## Problem statement
Beginning with the line that holds "Chinese new year", write out each line exactly as it stands until the end of the data, and include no pictures.

## Material to process
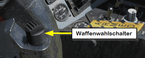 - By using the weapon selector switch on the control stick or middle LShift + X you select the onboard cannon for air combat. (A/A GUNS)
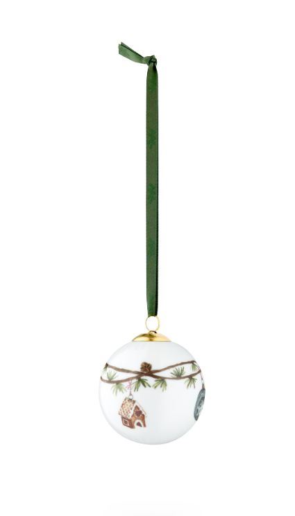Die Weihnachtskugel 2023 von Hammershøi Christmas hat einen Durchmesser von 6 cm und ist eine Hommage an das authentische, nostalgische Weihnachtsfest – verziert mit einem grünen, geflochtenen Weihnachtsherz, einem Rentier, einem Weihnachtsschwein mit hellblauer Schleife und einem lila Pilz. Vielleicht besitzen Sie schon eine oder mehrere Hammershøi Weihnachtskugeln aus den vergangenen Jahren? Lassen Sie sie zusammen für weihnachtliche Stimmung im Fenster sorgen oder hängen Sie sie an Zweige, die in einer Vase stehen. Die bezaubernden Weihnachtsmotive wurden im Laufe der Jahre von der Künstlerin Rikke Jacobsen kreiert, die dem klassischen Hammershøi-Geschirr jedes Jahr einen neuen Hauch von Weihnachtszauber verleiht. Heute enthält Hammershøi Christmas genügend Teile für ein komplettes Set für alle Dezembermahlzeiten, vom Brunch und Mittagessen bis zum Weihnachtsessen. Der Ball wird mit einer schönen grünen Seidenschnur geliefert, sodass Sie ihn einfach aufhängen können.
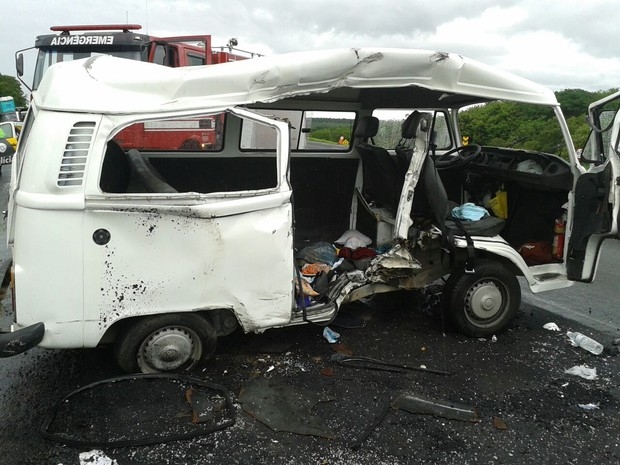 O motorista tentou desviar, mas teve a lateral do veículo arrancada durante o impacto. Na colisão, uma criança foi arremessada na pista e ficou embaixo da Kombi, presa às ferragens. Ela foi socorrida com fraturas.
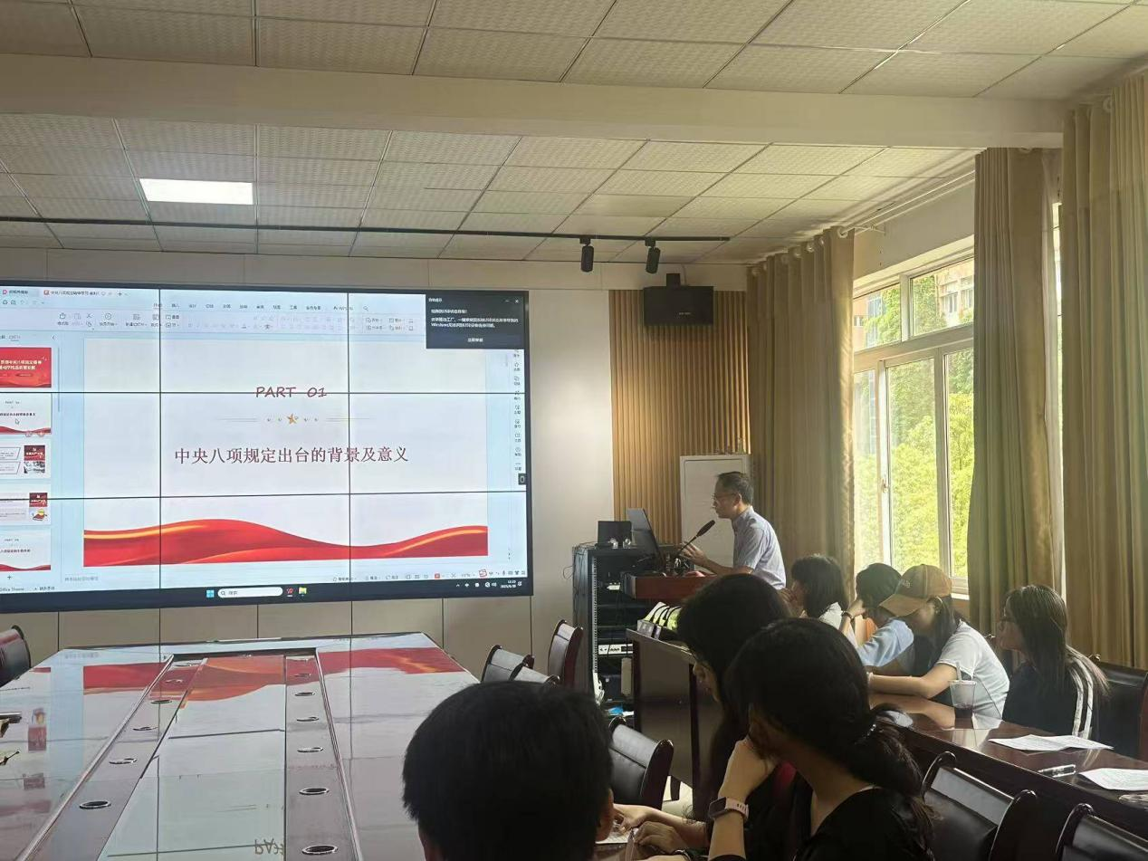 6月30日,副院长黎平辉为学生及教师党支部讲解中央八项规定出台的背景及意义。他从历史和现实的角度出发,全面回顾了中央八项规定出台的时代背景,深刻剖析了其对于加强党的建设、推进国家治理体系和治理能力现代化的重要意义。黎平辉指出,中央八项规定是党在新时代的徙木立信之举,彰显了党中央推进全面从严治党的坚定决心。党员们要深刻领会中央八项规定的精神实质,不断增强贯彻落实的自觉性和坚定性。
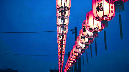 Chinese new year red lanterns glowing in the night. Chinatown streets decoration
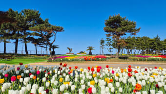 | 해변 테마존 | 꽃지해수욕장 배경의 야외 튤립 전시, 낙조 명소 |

## Completed exercise
 Chinese new year red lanterns glowing in the night. Chinatown streets decoration
 | 해변 테마존 | 꽃지해수욕장 배경의 야외 튤립 전시, 낙조 명소 |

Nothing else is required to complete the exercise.